– Не будьте смешной, Александра, – он вновь посмотрел на меня, как на маленькую. И мне это понравилось. Я так давно не чувствовала себя ребенком. Мое детство закончилось в тринадцать лет… – Вы, как ребенок, Александра. Если бы мне нужно было бы кого-то убрать, уж поверьте. Я не шел бы на такой нелепый риск. Прибегая к помощи какой-то девчонки… И потом… Я же вам говорю. Я ни на чем не настаиваю. Вам решать. Мое дело – рассказать правду. Исключительно ради памяти вашей матери. Я к ней очень хорошо относился. Мы познакомились с ней в Лондоне. Она покупала платье для девочки. Она улыбнулась мне и сказала, что это ко дню рождения. Помню, такое воздушное. Васильковое платье. Не очень модное. Но очень изящное. Наверно, для вас…

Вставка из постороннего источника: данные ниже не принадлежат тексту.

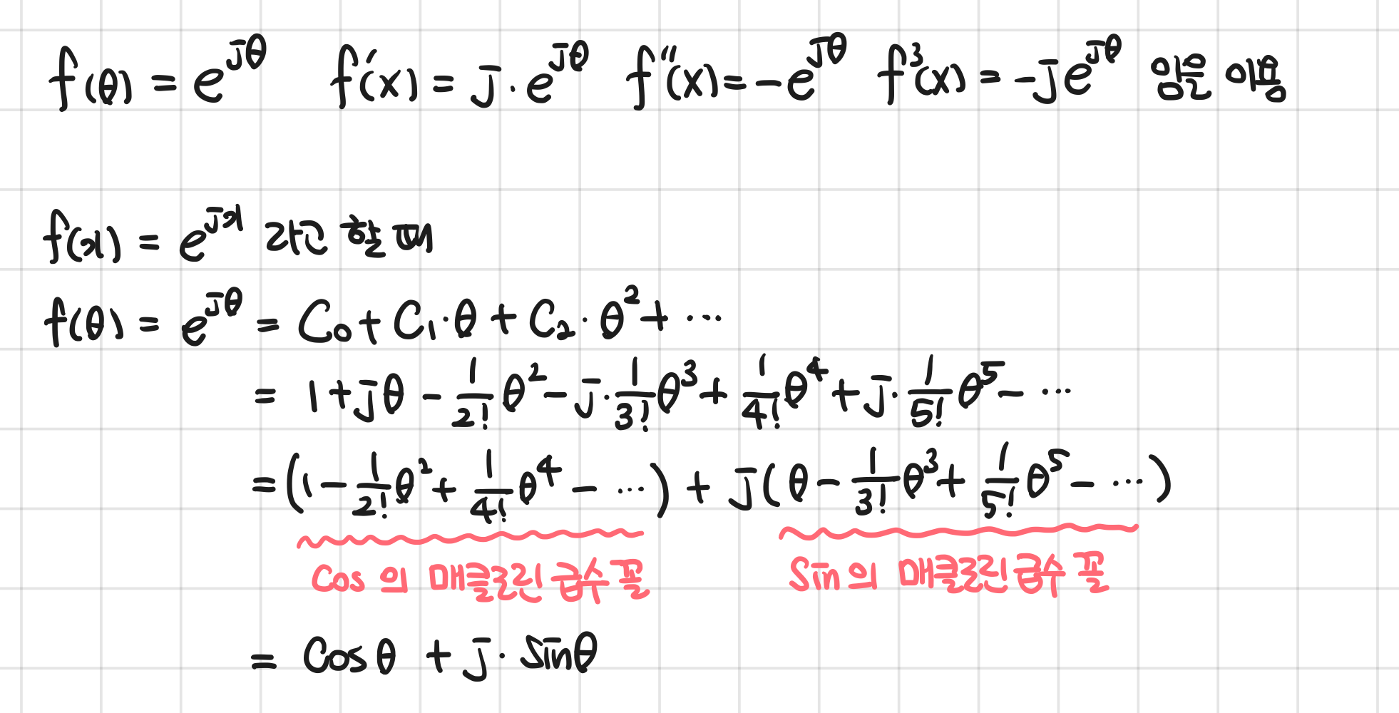 이를 활용해, $e^{j\theta}$ 를 매클로린 급수를 활용해 다항식의 형태로 나타내보면 다음과 같이 유도할 수 있다.

Я до боли стиснула виски. Мне стало трудно дышать. И он понял. Что совершил ошибку.
Словно желая исправить свою вину. И заглушить мою боль. Женя резко надавил на кнопку магнитофона. И низкий густой бас Локарева разбил тишину.
И мне вновь стало легче. Мне вновь показалось, что я не одна. Пока есть песни Локарева. Которые любили мои родители. Я не могла быть одна. Потому что это значит, что еще существует мир. Где живут по законам совести, правды, любви.
– Старые записи, – перебил голос певца Женя. – Давно забытые песни. Кому теперь это нужно? Но мне они очень нравятся. А вам, Александра?
Мне? Разве я могу объяснить, что они для меня значат. Разве это возможно? Рассказать, что эти песни звучали четырнадцать лет, когда мы так были счастливы. И потом… Разве возможно рассказать. Что эти песни звучали. Когда все разрушилось в один миг. И эти песни выжили и помогли выжить нам с мамой. И потом – мне…
– Вам они нравятся, Александра?
Я смогла только кивнуть. Объяснять не имело смысла. Не всегда можно объяснить счастье и боль.
– М-да, – неопределенно протянул Женя. И затушил сигарету. И протянул мне руку. – Я был не прав, Александра. Не нужно было все это… Приходить, объяснять. Были правы именно вы. Не всегда нужна правда. Чаще она только мешает. До свидания, Александра. Ты еще научишься улыбаться.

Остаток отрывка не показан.